First, we need to define AGI. I think human intelligence still includes two very important abilities: vision and motor control.
Current models’ visual ability is still far behind humans. For example, there are still large gaps in spatial perception, memory, and resolution.
The gap in motor control is even bigger. Human movement has extremely strong generalization ability and learning efficiency. No matter how stylish Unitree’s motions look, they still rely on simulation training inside a sandbox, and they still cannot plan interactions purely from visual perception.
Yann LeCun once gave an example. He said current models are not even as intelligent as his cat. His cat can look around, instantly build a 3D model of the surrounding objects, then plan its movements and execute precise muscle control: swish, swish, swish, three steps from the floor to the table, then to the top of the doorframe, and finally up to the roof.
Today’s AI cannot do any of that.
Speaking of which, I have always trusted LeCun quite a lot, though apparently not everyone does.
I had originally hoped that Yann LeCun’s cat could become the fifth member of science’s four great mythical beasts, but maybe LeCun’s cake is more famous.
As for how to achieve these two abilities, I think, well, take it slow. Just the question of how to train visual models is already something I have no real answer to. What’s the rush?
Of course, my definition of AGI does not affect the singularity argument.

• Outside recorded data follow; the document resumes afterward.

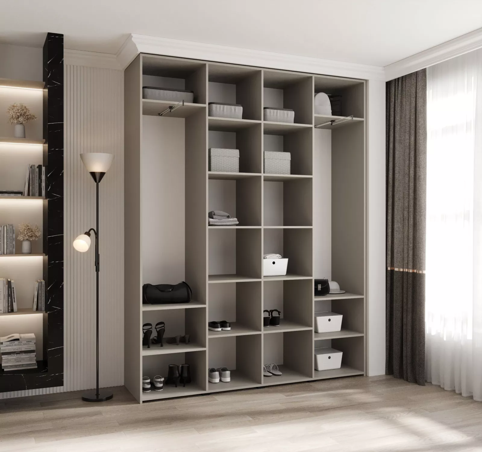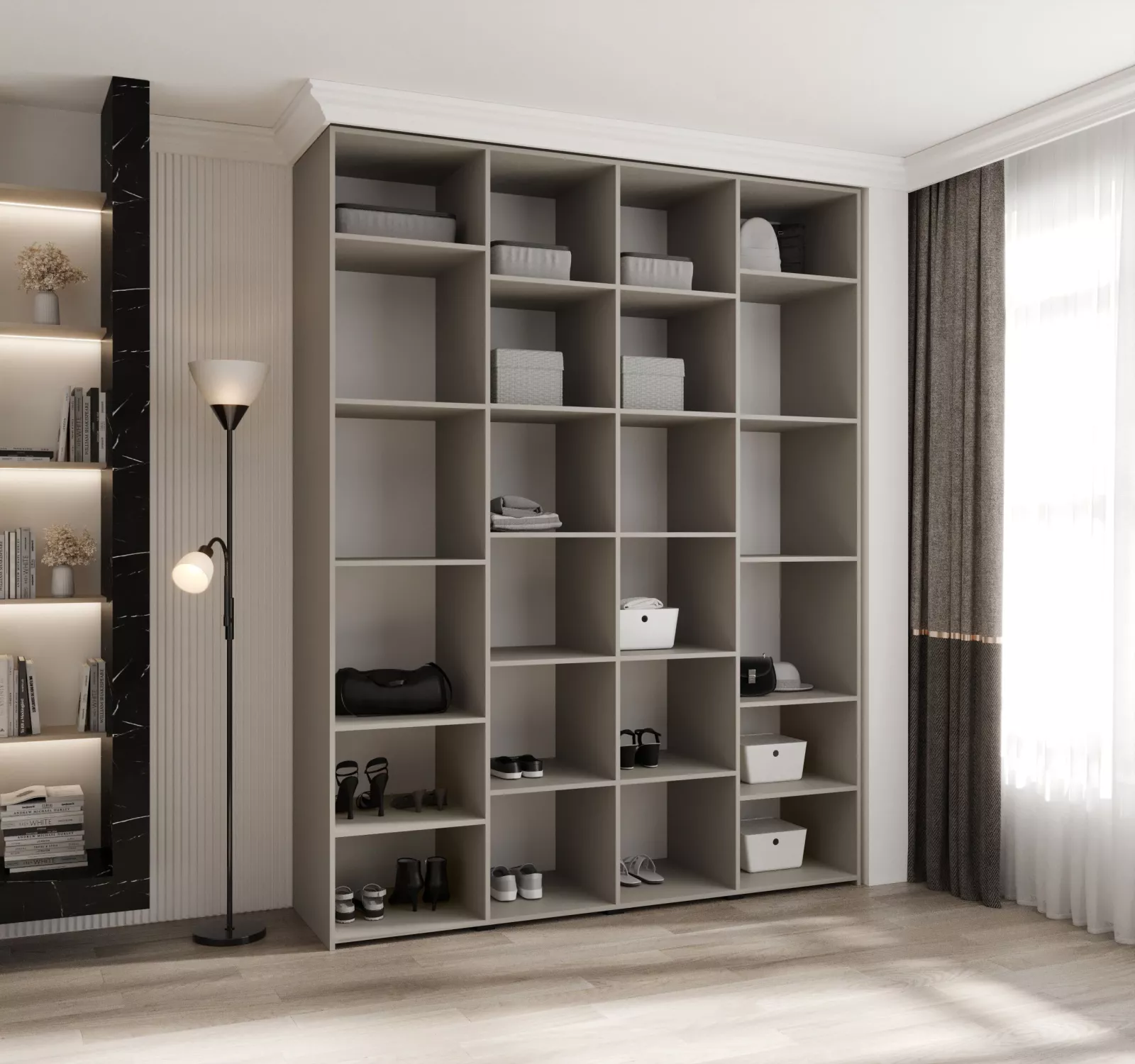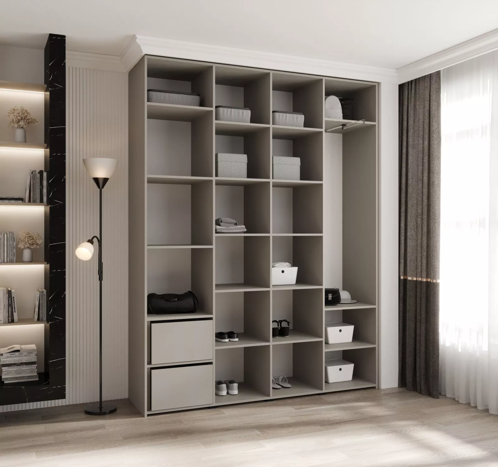 Přídavné šuplíky (včetně pojezdů) a přídavné police vyobrazené na fotografii najdete k dokoupení v sekci Doporučujeme přikoupit. Do skříně je možné nainstalovat 2 sety přídavných šuplíků a 2 sady přídavných polic.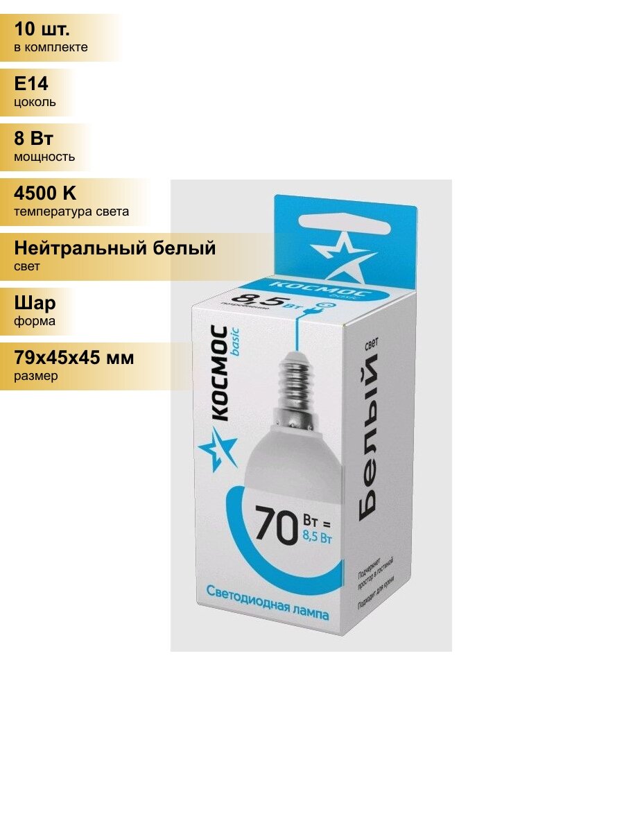 (10 шт.) Светодиодная лампочка Космос шар E14 8,5W (8W) (740lm) 4500K 4K матов. 79x45 LkecLED8.5wGL45E1445 Нейтральный белый. Цоколь E14 информация: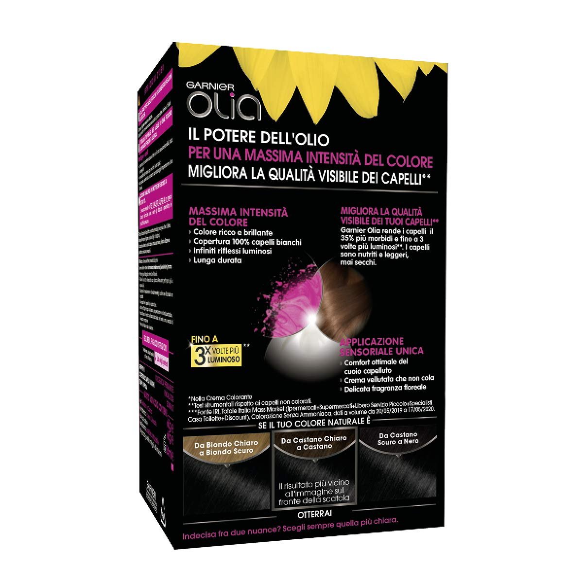 Haarfarbe mit Blütenölen natürlichen Ursprungs für eine intensive und langanhaltende Farbe, sichtbar verbesserte Haarqualität und optimalen Komfort der Kopfhaut|Für leichtes, gepflegtes und vor dem Austrocknen geschütztes Haar, 100% Abdeckung von weißem Haar, intensive und gleichmäßige Farbe, reich an Reflexen|Gebrauchsanweisung: Führen Sie den 48-Stunden-Allergietest vor Gebrauch durch. Lesen Sie die Anleitung vor jeder Anwendung sorgfältig durch. Empfohlene Menge: 1 Box (mittellanges Haar), 2 Schachteln (langes Haar)|Samtige Creme, die nicht tropft, Formel ohne Ammoniak für einen leichten und angenehmen blumigen Duft, O.D.S-Technologie: Färbung aus 60 % Ölen, die die Farbe im Herzen des Haares übertragen|Inhalt: 1 x Dose für permanente Haarfarbe Garnier Olia, Farbe: Dunkelbraun (4.12), beinhaltet: Handschuhe, Ampulle, Creme-Detektor, Farbcreme, Balsam und Packungsbeilage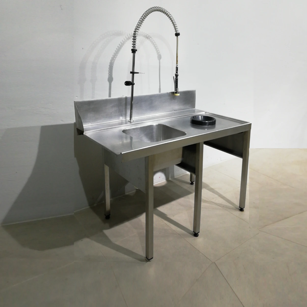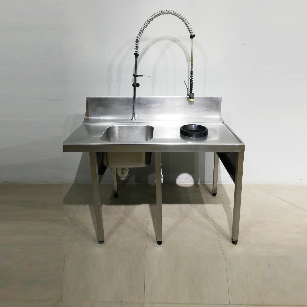 Pica d’ocasió amb potes, aixeta de dutxa i forat per a la brossa perfecta per a ús professional en restaurant, hotel, cuina comunitària, càtering…

The singularity argument says that if artificial intelligence develops to a certain stage, it can accelerate the development of science and technology, which in turn makes its own development even faster, entering a positive feedback loop of super-exponential growth.
On this point, I agree with Sam Altman: we have already passed the singularity.
Although today’s LLMs still cannot do scientific research independently, with their help, everyone is publishing ACL papers 65,536 times faster already. Amen.
The fact that it cannot run or jump does not affect its ability to strengthen and iterate on itself.
So what comes after AGI?
Demis Hassabis recently proposed a term: Artificial Universal Intelligence, or AUI. I am still not sure how to translate it. What do you think of “universal artificial intelligence”?
On this point, he actually agrees with LeCun: human intelligence contains only a small part of all intelligence. For example, the human brain cannot predict protein structures, nor can it directly read the meaning of DNA sequences.